Call me making a mountain out of a molehill, but diet-drink companies being allowed to donate their product to teens, out of supposed concerns for their heath? And plastering their classrooms with ads of heavily photoshopped women in the process? Those may just have something to do with that:
청정원 홍초가 수험생 여러분을 응원합니다 / Chung Jung Won’s HongCho Cheers For Students Taking University Entrance Exams
by Kim Jong-hoon (김종훈), Asia Today, November 4 2012
대상은 자사의 브랜드인 ‘청정원’ 홍초가 수능시험을 앞둔 고3 수험생을 응원하기 위해 오는 7일까지 서울시내 20여개 학교를 찾아 다니며 홍초 2만여개를 무료로 나눠줄 계획이라고 4일 밝혔다.
On Sunday, Daesang’s brand Chung Jung Won [English website here] announced that to support 3rd year high school students about to take their university entrance exams, they would visit 20 high schools in Seoul before the 8th (the day of the exams) and donate 20,000 bottles of HongCho to students (source, right).
청정원측은 오랜 시험준비로 지친 수험생들이 좋은 컨디션으로 시험을 볼 수 있도록 응원하기 위한 마음으로 기획 된 행사라고 설명했다. 수능이 끝난 이후에도 홍초를 내세운 다양한 마케팅 활동으로 그간 고생이 많았던 수험생들을 지원할 계획이다.
Chung Jung Won explained that this is an event for tired students that have been preparing for the exams for such a long time, so that they can be in good condition on the exam day. Also, that even after the exams, the company plans to continue supporting those students that have suffered so much, through various HongCho marketing events.

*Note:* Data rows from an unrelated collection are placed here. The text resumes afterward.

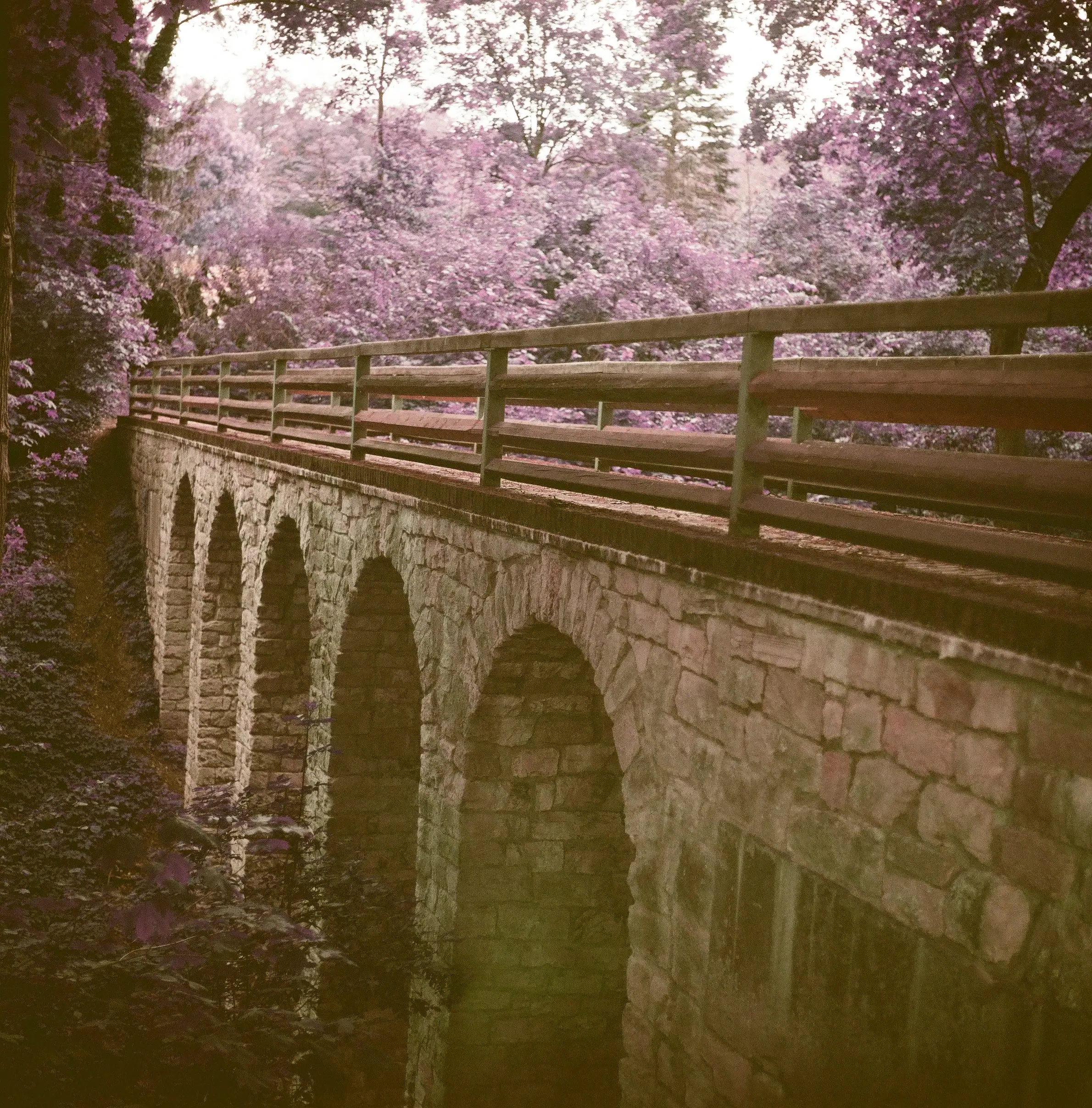 It’s fascinating how a bridge built for soldiers and drainage now stands as a quiet, almost enchanted spot - especially when seen on a picture made with Lomochrome Purple.
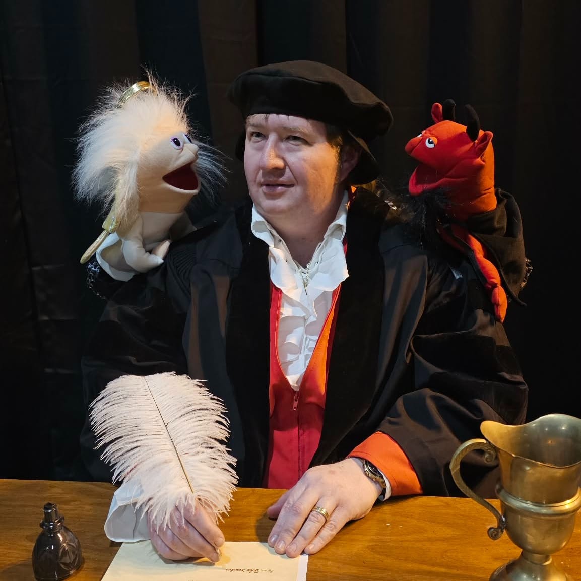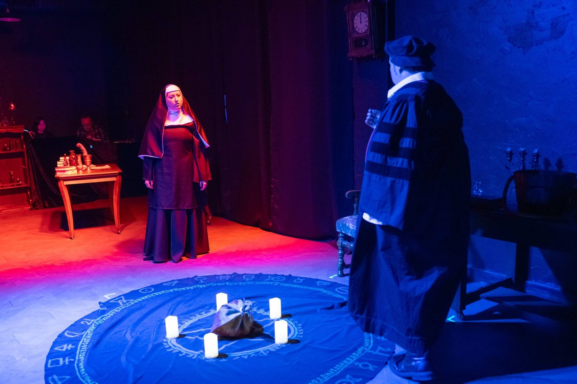 Underneath Doctor Faustus’ theatrical flair—the playful costumes, the glow-in-the-dark pentagrams, and, yes, the puppets—is a message about ambition. When Marlowe wrote the play, it was impossible to extract this message from its religious context, but I find a secular warning in this production that feels more universal: one about the dangers of selfish individualism. It’s not Faustus’ academic background that marks him as an antihero. It’s his conclusion that, because of his advanced knowledge, he is better than the world. When we lose our empathy, the play seems to argue, we lose our humanity.
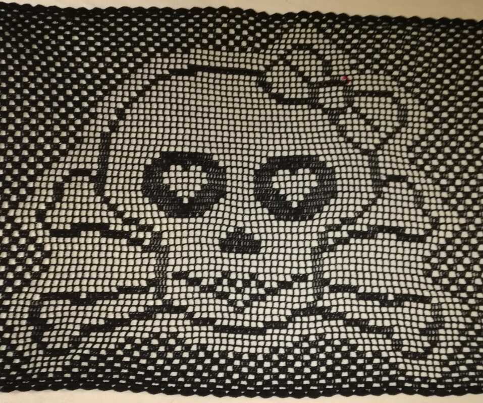 Die Anleitung ist auf 5 Seiten in teilweise Schrift (Erklärung Filethäkeln), der Anfang des Tuches in Pc-Häkelschrift und Zählraster geschrieben.
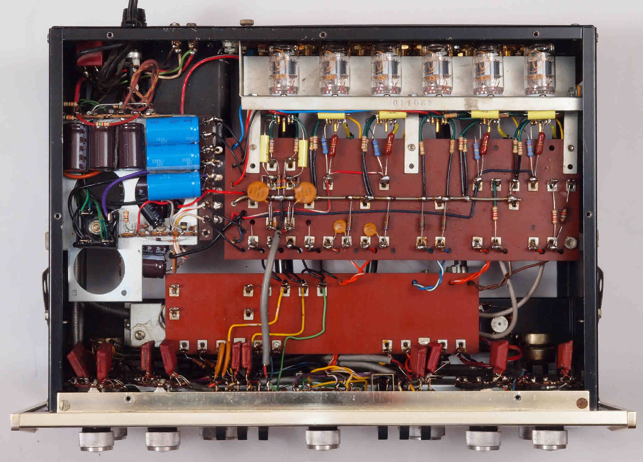 C11. 修理中 真空管基板、電源シャシ、前パネルを外して修理する。 上から見る。
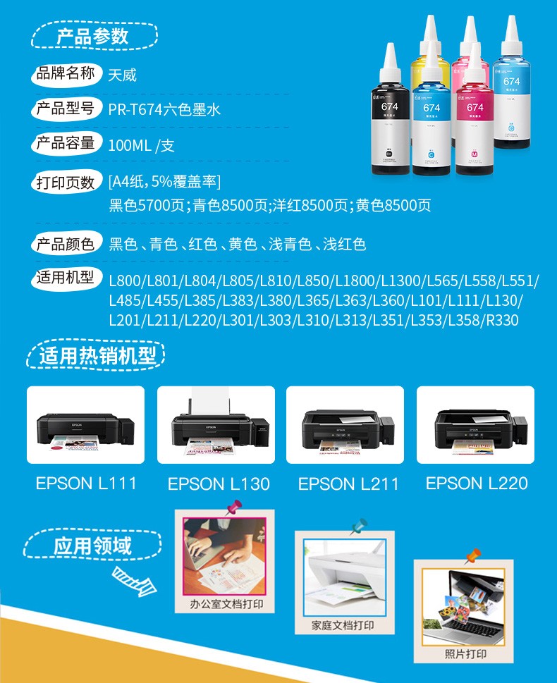 当前位置: 首页>耗材>其他耗材>墨水>天威 PR-T674 墨水 适用爱普生L805 850 1800 810 801 360 101墨仓式打印机 6色墨水
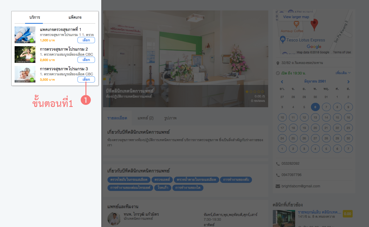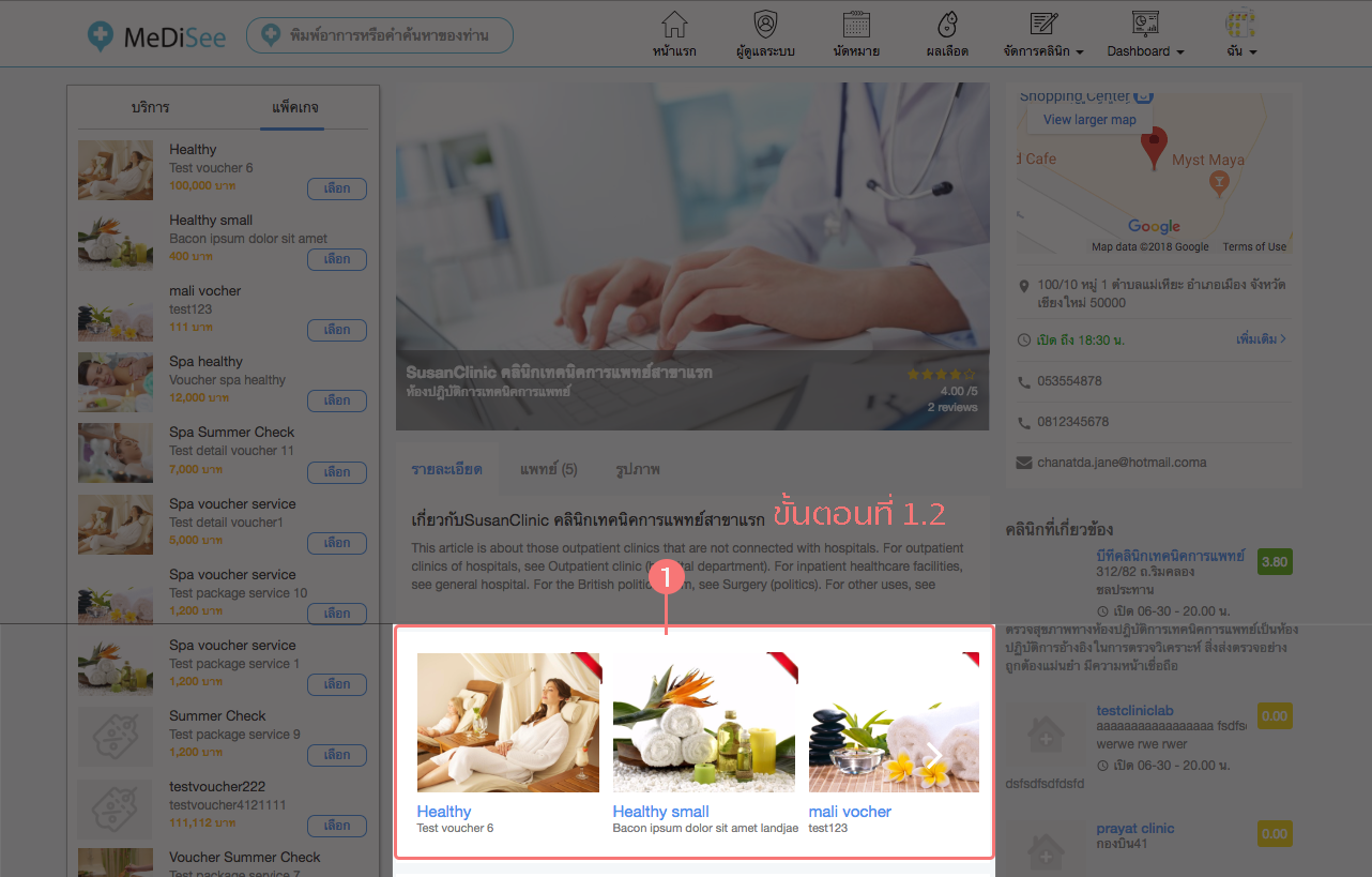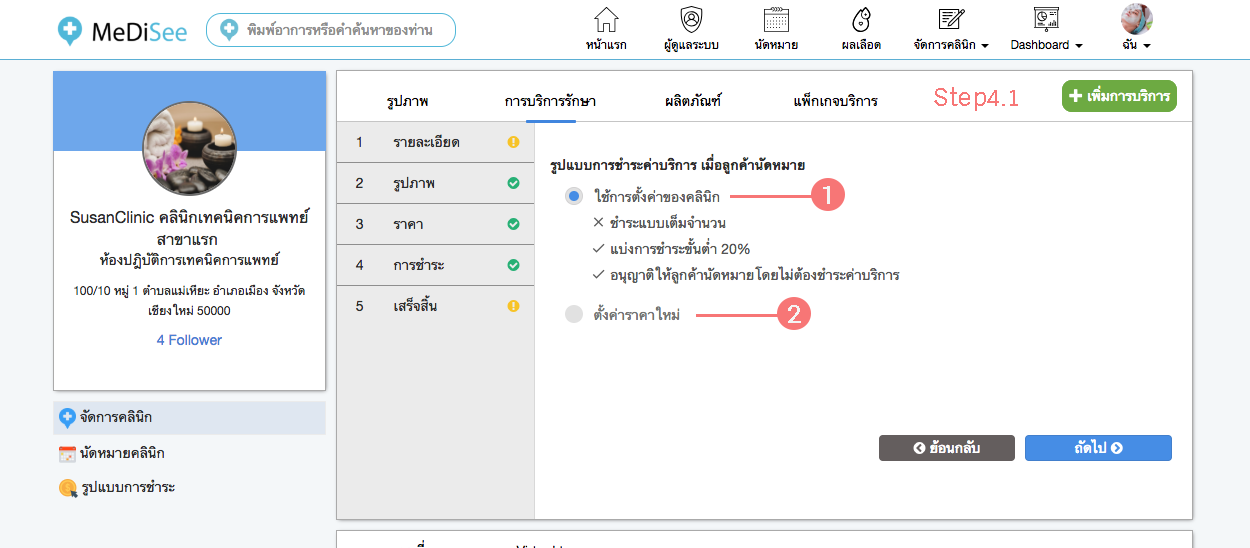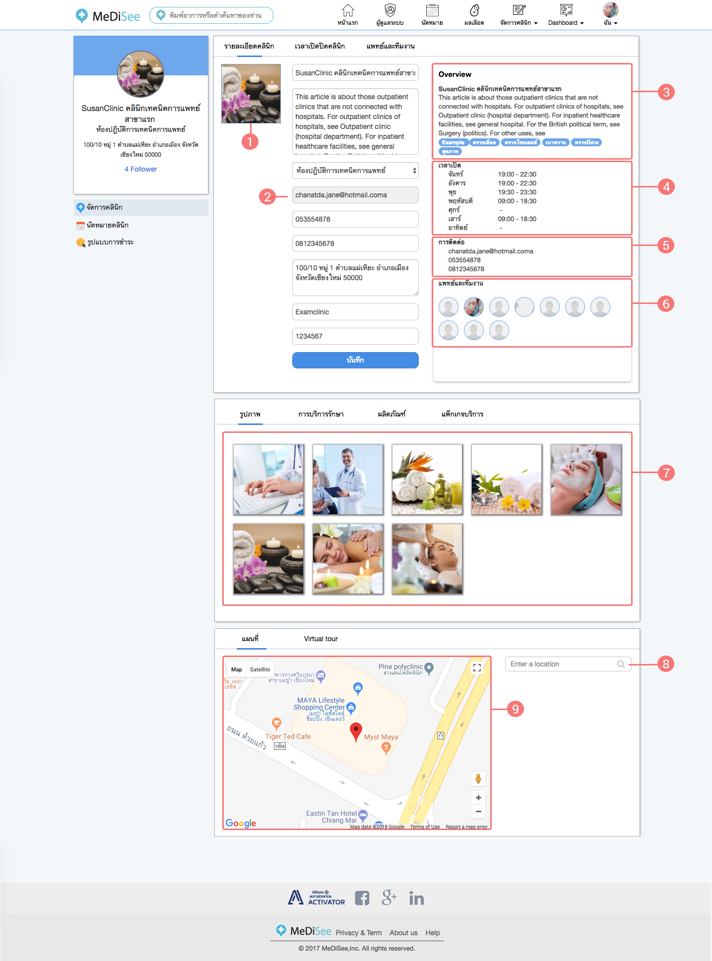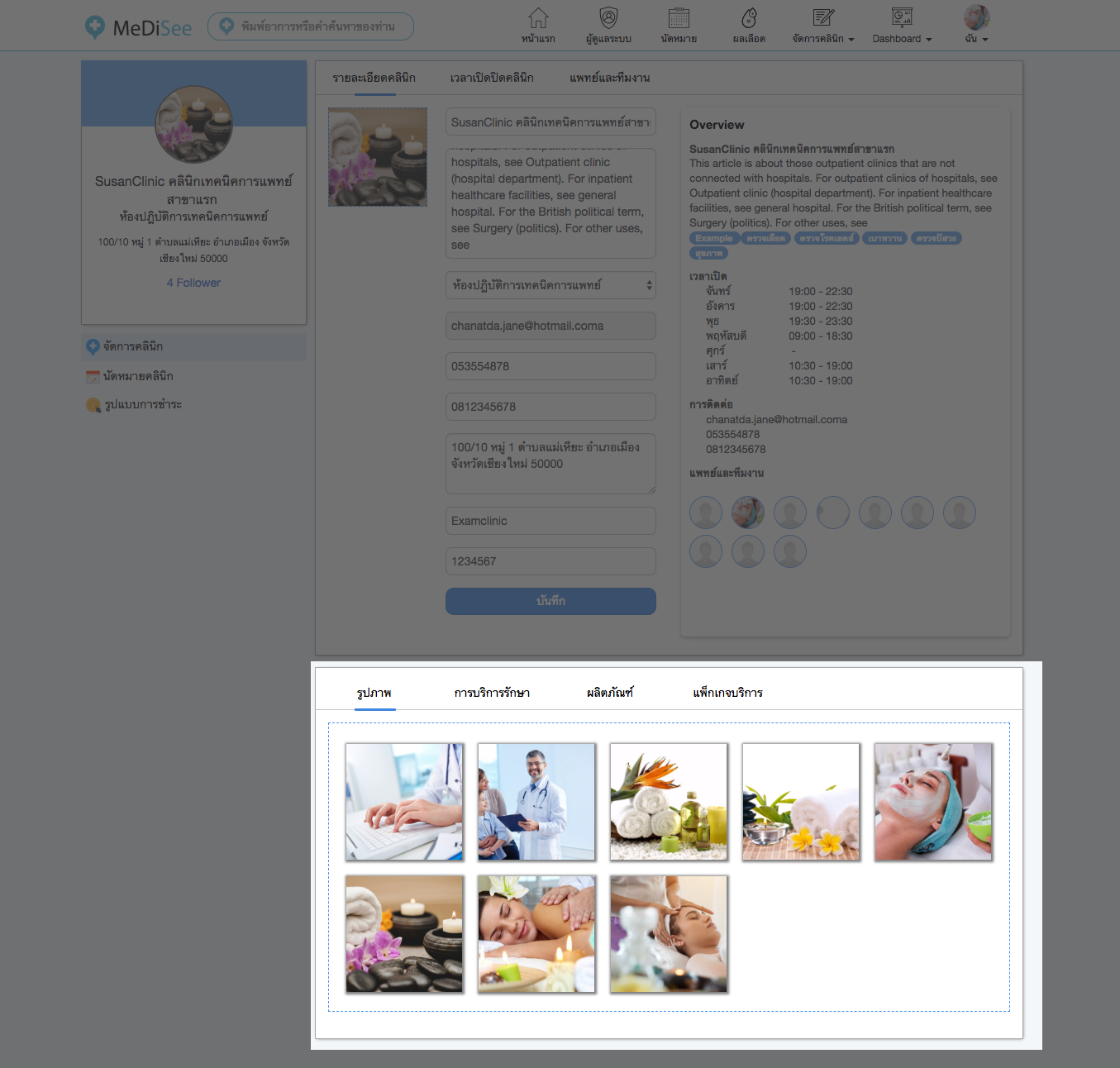 แสดงรายละเอียดคลินิกที่ทำการให้บริการ
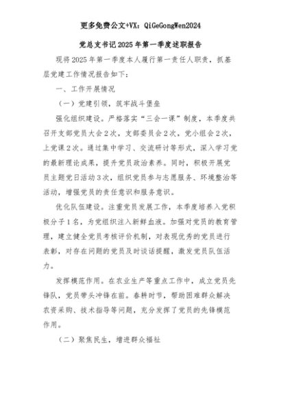 【七哥公文】2025年:党总支书记2025年第一季度述职报告+更多免费公文+VX:QiGeGongWen2024+更多免费公文+VX:QiGeGongWen2024
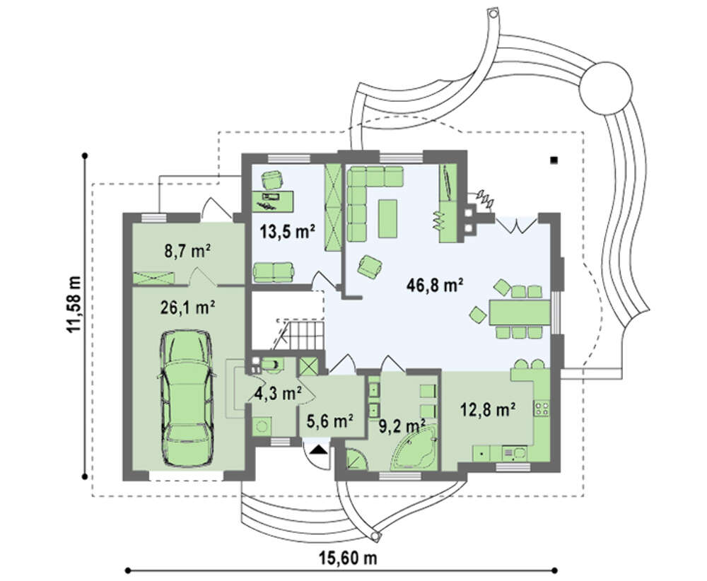 Проект содержит три раздела – Архитектурный, Конструктивный и Инженерный: водоснабжение, отопление, вентиляция, канализация, электроснабжение (приобретается за дополнительную плату) + Пояснительная записка.
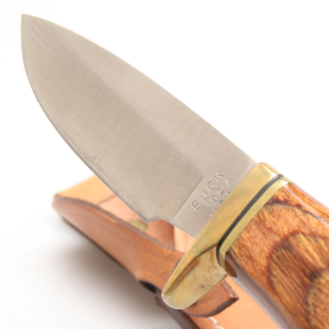 med läderhölster, märkt BUCK 192 USA, längd 24 cm inklusive hölster.

한편, 홍초는 피로회복 등에 도움이 되는 기능성 원료인 콜라겐과 헛개나무 농축액, 그리고 식이섬유를 풍부하게 함유하고 있는 건강기능성 음용식초다.
HongCho is a healthy vinegar drink that includes collagen, liquids extracted from the Oriental Raisin Tree, and a lot of fiber, and is very helpful for recovering from tiredness. (end.)
For sure, HongCho does sound quite healthy. And, technically, it is not a diet-drink:
Diet drinks: Include calorie-free and low-calorie versions of sodas, fruit drinks, energy drinks, sports drinks, and carbonated water, consistent with definitions reported by the National Cancer Institute and U.S. Food and Drug Administration food labeling guidelines. Diet drinks do not include 100% fruit juice or unsweetened teas or coffees.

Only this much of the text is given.